Conlon, 56, was described by Professor Gordon Turnbull, the leading authority on Post Traumatic Stress Disorder, as amongst the 1% of most traumatised people he has ever met. In a recent report, Professor Turnbull likened the trauma that wrongly convicted prisoners such as Conlon and Mills undergo as worse than that of hostages or prisoners of war. He said in the report: ‘Those who have their convictions quashed will generally find reintegration into everyday life extremely difficult because they have been detained by legal means within their own countries, rather than by alien cultures.’

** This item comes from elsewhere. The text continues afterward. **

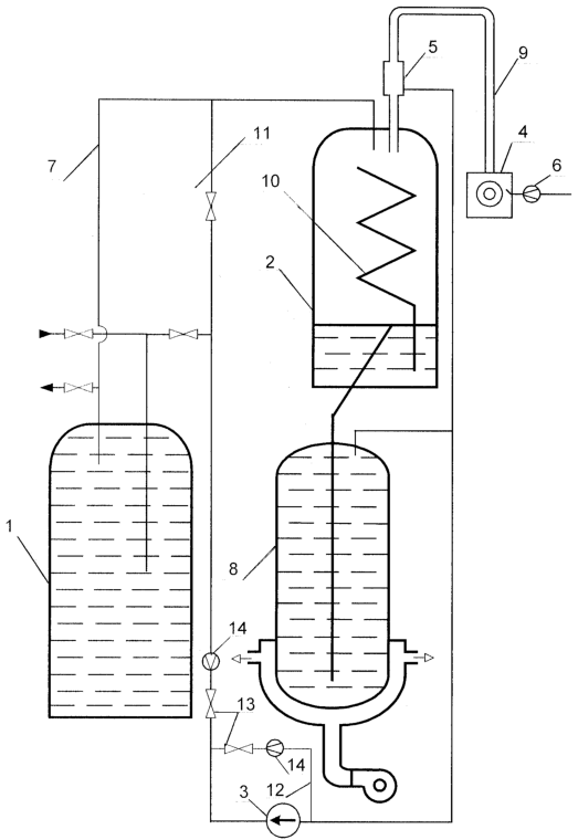 Осуществление способа регенерации ХЛ примесей натрия поясняется с помощью установки регенерации, представленной на чертеже. Установка содержит: холодную ловушку 1; регенерационную камеру 2; электромагнитный насос 3; вакуумный насос 4; конденсатор паров натрия 5; газовый расходомер 6; транспортные линии 7; отстойник оксидов 8, охлаждаемый воздухом; вакуумную линию 9; массообменные поверхности 10 в виде горизонтальных тарелок, по которым натрий последовательно переливается сверху вниз; байпасную линию холодной ловушки 11; байпасную линию электромагнитного насоса 12; регулирующие вентили 13; расходомеры натрия 14; электронагреватели, датчики и приборы контроля и электрооборудование.

Professor Turnbull also recognises the need for a system of gradual transition from prison to freedom without which he believes the victims have little hope of returning to a normal life. ‘The re-entry process needs to be managed well and it needs to start at the time of release at the very latest,’ he reckons.

Standing 20 years apart, it is clear that in both the Mills and Conlon cases, not much has changed. Although limited support and compensation are available, the real emotional and psychological help that both men need to get their lives back on track is provided by a small and under-funded charity.

After years of trying to rebuild his life, Conlon admits that the pain of having his youth taken away from him as well as the knowledge that even today, men such as Mills are still being ignored, is hard to take.

‘I have come to accept that mistakes happen, it is part of the way our justice system works, however it is the fact that we have been abandoned and left without help that makes us feel betrayed,’ Mills said.

‘Whilst we need to accept that our justice system makes mistakes, we need to learn from those mistakes. I still can’t move on and find peace until I get some form of written ruling or compensation from the state. Until that day, I’ll feel like I’m in purgatory.’

Conlon now works alongside McManus in campaigning to help the wrongly convicted, travelling the world to help build the profile of the organisation that helped him when he needed it most. Conlon says:  ‘My vocation now is to stop what happened to me happening to someone else, that would be the best form of compensation. I have every faith that this system can change.’